In one or more aspects, the functions described may be implemented in hardware, software, firmware, or any combination thereof. If implemented in software, the functions may be stored as one or more instructions or code on a non-transitory computer-readable storage medium or non-transitory processor-readable storage medium. The operations of a method or algorithm disclosed herein may be embodied in a processor-executable software module or processor-executable instructions, which may reside on a non-transitory computer-readable or processor-readable storage medium. Non-transitory computer-readable or processor-readable storage media may be any storage media that may be accessed by a computer or a processor. By way of example but not limitation, such non-transitory computer-readable or processor-readable storage media may include RAM, ROM, EEPROM, FLASH memory, CD-ROM or other optical disk storage, magnetic disk storage or other magnetic storage smart objects, or any other medium that may be used to store desired program code in the form of instructions or data structures and that may be accessed by a computer. Disk and disc, as used herein, includes compact disc (CD), laser disc, optical disc, digital versatile disc (DVD), floppy disk, and Blu-ray disc where disks usually reproduce data magnetically, while discs reproduce data optically with lasers. Combinations of the above are also included within the scope of non-transitory computer-readable and processor-readable media. Additionally, the operations of a method or algorithm may reside as one or any combination or set of codes and/or instructions on a non-transitory processor-readable storage medium and/or computer-readable storage medium, which may be incorporated into a computer program product.

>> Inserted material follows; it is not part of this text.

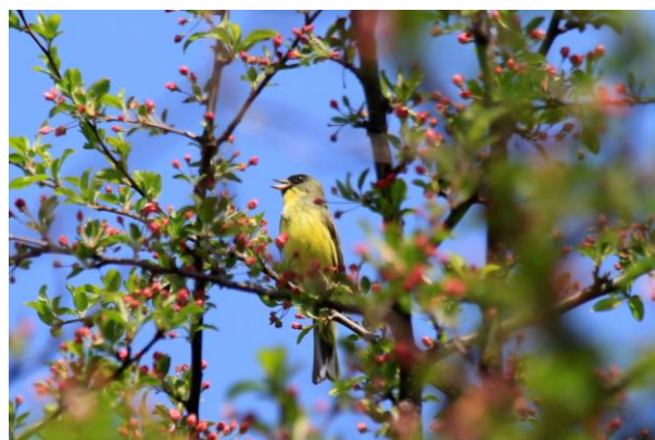
5/30 アオジ (戦場ヶ原)

The preceding description of the disclosed embodiments is provided to enable any person skilled in the art to make or use the claims. Various modifications to these embodiments will be readily apparent to those skilled in the art, and the generic principles defined herein may be applied to other embodiments without departing from the spirit or scope of the claims. Thus, the present disclosure is not intended to be limited to the embodiments shown herein but is to be accorded the widest scope consistent with the following claims and the principles and novel features disclosed herein.